Robert Allen Stanford, Federal prison inmate and mastermind behind a Ponzi scheme which allegedly cost Southeast Louisiana investors several billion dollars as part of an overall estimated loss of $7 billion to all investors in the scheme.  On July 23, 2024, sixteen (16) years after the scheme collapsed, the class action lawsuit of his victims against the Louisiana Office of Financial Institutions (OFI) commenced.

In today’s Sound Off Louisiana feature, founder Robert Burns provides an overview of August 6, 2024 proceedings of Lillie et. al. vs. Louisiana Office of Financial Insertions (OFI):

 Highlights of August 6, 2024 proceedings of Lillie et. al. vs. OFI.

Click here for Karyl Van Tassel’s webpage at her employer.

One item that Van Tassel testified to which Burns left off in the above video is that, each year, Stanford International Bank (SIB) would simply “make up” its annual financial statement by first placing the necessary capital amount on the balance sheet to appear reasonably capitalized.  The next step would be to produce iterations of spreadsheets until sufficient revenue was present to, after expenses, show enough profit to keep that capital ratio stable and adequate.

Meanwhile, sufficient assets would be reported to essentially serve as the plug figure to keep that capital number in place, and the only reliable figure on the bank’s financial statements was the level of SIB CDs.

Van Tassel testified that, at the time of collapse, CDs totaled approximately $7.2 billion when everything was shut down.  Approximately $360 million of that $7.2 billion was lost by clients represented by Mr. Preis in this litigation.  As reflected on Van Tassel’s video deposition, $7.2 billion in SIB CDs existed, but she indicated that the collective total of all Stanford entities’ assets had a market value of, “less than $1 billion.”

It should be pointed out that no U. S. bank would ever permit a loan concentration of 21.56% ($1.79 billion loan to Stanford personally of the bank’s reported $8.3 billion in assets) to ANY borrower!  That is far beyond a mere reckless banking practice.  Nevertheless, it would appear that banking “regulators” in Antigua obviously aren’t remotely comparable to banking regulators in the U. S.  Furthermore, “auditors” of SIB’s annual statements obviously must be even more dissimilar to auditors of U. S. companies.  Finally, there obviously is no comparable insurance for bank CDs in Antigua similar to the FDIC insurance present on bank deposits in the U. S.

So, perhaps that should explain why SIB could offer returns, according to Val Tassel, on the CDs which ranged from 400% of U. S. CDs of comparable maturity (2002) to 150% of U. S. CDs of comparable maturity (2006).
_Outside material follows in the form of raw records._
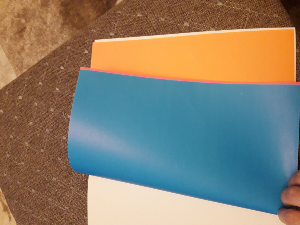 Цвета очень приятные, цветная сторона гладкая, матовая, обратная сторона белая, мелованная.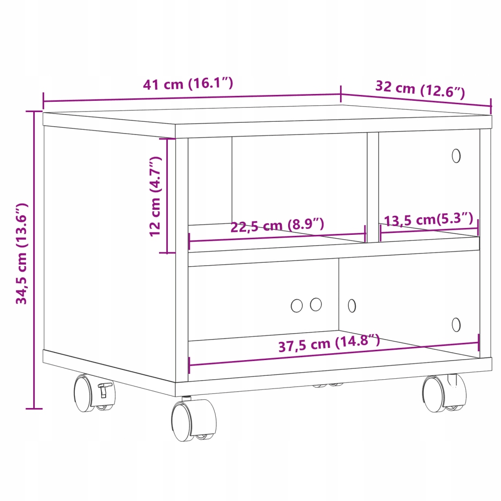 Дорога для принтера, з колесами, сірим дубом Sonoma, 41x32x34.5 см
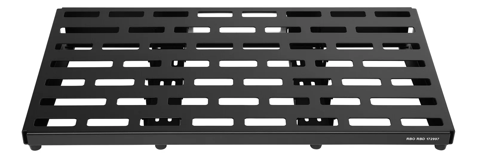 The RockBoard QUAD 4.2 is a rugged, professional-grade pedalboard designed for players needing space for 9 to 15 pedals (depending on size). Made from a single cold-rolled aluminium sheet with added vertical supports, it offers a lightweight yet rigid platform with no welds to compromise stability. Its smart slot system keeps cables neatly hidden beneath the surface and pairs seamlessly with RockBoard’s QuickMount system. A sturdy flight case protects your rig during transit, and there's room for most common power supplies underneath. It also includes a MOD slot for optional patchbays and mounting points for optional LED lights.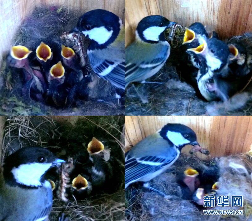 拼版照片:羅康在人工巢箱里安裝的錄像設(shè)備拍攝到鳥類在以松毛蟲喂食幼鳥(資料照片)。 新華社發(fā)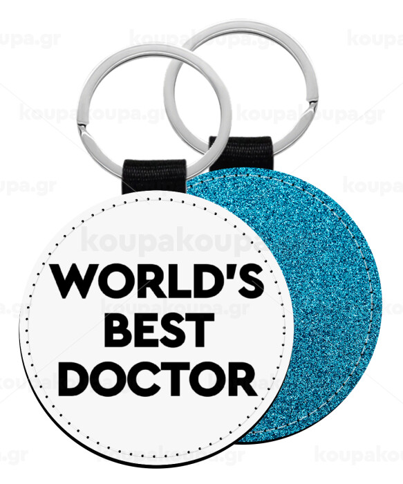 World's Best Doctor, Μπρελόκ Δερματίνη, στρογγυλό ΜΠΛΕ (5cm)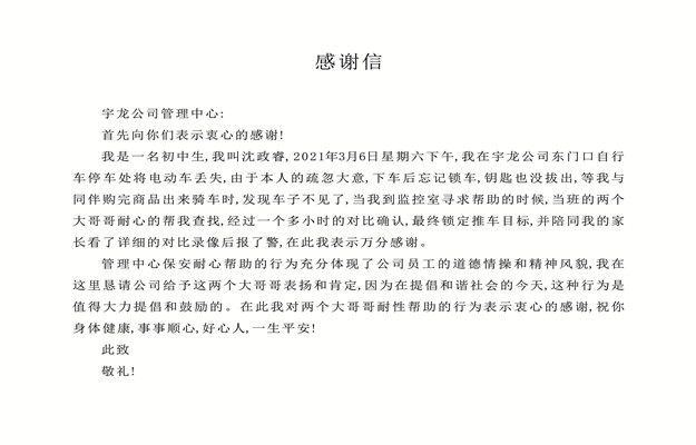 3月23日上午,宇龍廣場物業(yè)部安保科同事收到了一封感謝信,信中對宇龍廣場安保科朱笑葛、王帥兩位同事表示了真摯感謝,感謝他們在顧客丟失電動車后所提供的熱情耐心的服務(wù)。雖然這封感謝信只有短短幾行字,但字里行間無不透露著顧客對我們宇龍廣場工作人員服務(wù)的認(rèn)可。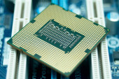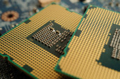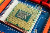 CPU, jednostka centralna procesora Chip na płytce drukowanej w technologii komputerów PC i laptopów.

So, if a person bought such a CD in 2002, whereas, for example, they may receive 3% at a U. S. Bank, at SIB they’d receive a whopping 12%.  In 2006, if CD rates in the U. S. were 5%, the same CD at SIB would return 7.5%.

Obviously, the OFI received no complaints for years because, well, who’s going to complain when they’re getting that sort of return?

Unfortunately, as is the nature of any Ponzi scheme (and Van Tassel testified to this), those returns were only realized from the fact that subsequent investors placed new money in SIB.  Remember, the bank went from approximately $4 million in such CDs in 2001 from Louisiana investors to some $360 million derived from Preis clients at the time of collapse.

Sooner or later, the Ponzi scheme collapses when no new investors step up to take out previous investors, and that’s what happened to Preis’ investors, all of whom, according to his opening arguments, made no purchase of these SIB CDs prior to January 1, 2007.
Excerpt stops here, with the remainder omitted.